The shares rose 4.1 percent to $35.74 at 9:59 a.m. New York time. The stock had risen 85 percent this year through yesterday.

“The increased focus on product and marketing continues to resonate with consumers and will continue to drive solid results,” Randal Konik, a New York-based analyst at Jefferies Group Inc. with a buy rating on the stock, wrote in a note before the report. Konik said he anticipates fall and holiday designs to improve further from successful spring merchandise.

Analysts have been viewing Gap’s sales success as the start of a turnaround, with new talent at the company’s Gap, Old Navy and Banana Republic brands working to regain sales from rivals like J. Crew Group Inc. and Hennes & Mauritz AB.

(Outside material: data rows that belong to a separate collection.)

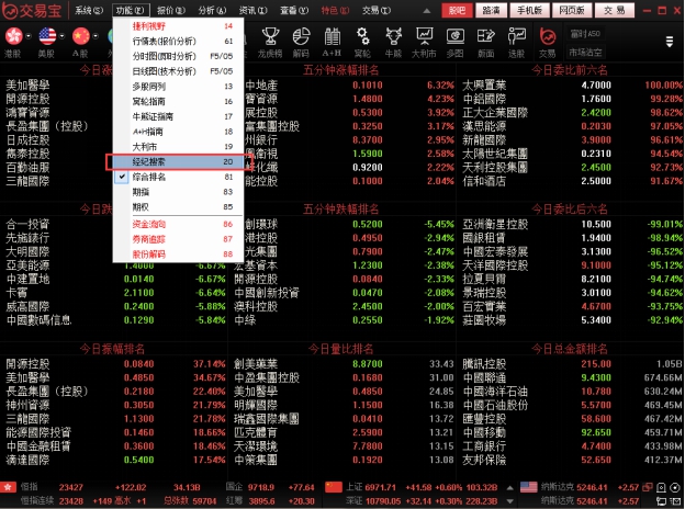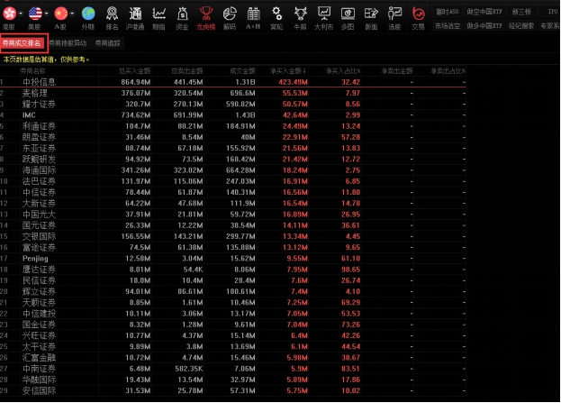 点击标签“券商成交排名”查看券商成交排名列表。
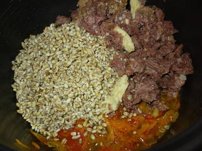 Gerst pap met vlees in een slowcooker
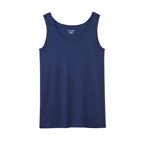1年通して着用できる本体コットン100%素材のタンクトップは、ワードローブと相性の良いシンプルなシルエット。身頃には脇はぎが無いので、ごろつきにくく、肌への刺激を軽減します。コットンのやさしい着心地をより実感できます。
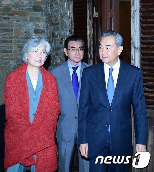 환영 만찬에선 왕이(王毅) 중국 외교 담당 국무위원 겸 외교부장이 가운데에 앉고 양 옆에 강경화 장관과 고노 외무상이 자리를 잡았지만 서로 대화는 나누지 않은 것으로 전해진다.
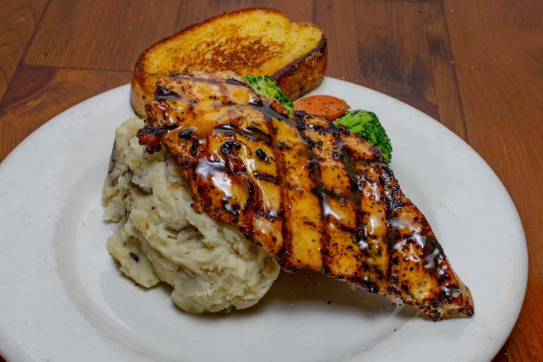 Marinated grilled chicken breast with mashed potatoes and broccoli and carrot medley

Gap said earlier this week it hired U.S. designer Narciso Rodriguez as an adviser for Banana Republic, which Konik wrote “is yet another data point showing the elevated fashion at Gap Inc.’s brands.” Earlier this year, the company hired back J. Crew executive Tracy Gardner for a similar role at Gap and Jill Stanton, former vice president of global apparel at Nike Inc., to advise at Old Navy.

‘Positive Momentum’

“Customers responded well to our product offerings across our brands,” Chief Executive Officer Glenn Murphy said in the statement. “Our continued focus on product and store execution are helping to drive positive momentum and we’re committed to sustaining solid performance for the remainder of the year.”

Marketing expenses rose to $147 million in the quarter, a $33 million increase from last year, primarily driven by investments in the Gap brand, the company said. Operating margin will be about 11 percent for the year, up from the 10 percent guidance in May, according to the statement.

Inventory dollars per store fell 6 percent at the end of the second quarter and the company said it expects inventory dollars per store to be down in the “low single digits” at the end of the third quarter compared with the year-earlier period.

Comparable store sales rose 4 percent in the quarter, and in July, sales by the same measure jumped 10 percent.

Gap slid 16 percent in 2011 when sales fell to a three-year low, as the retailer was plagued by a surge in cotton prices and missteps including a failed marketing campaign at its Old Navy division.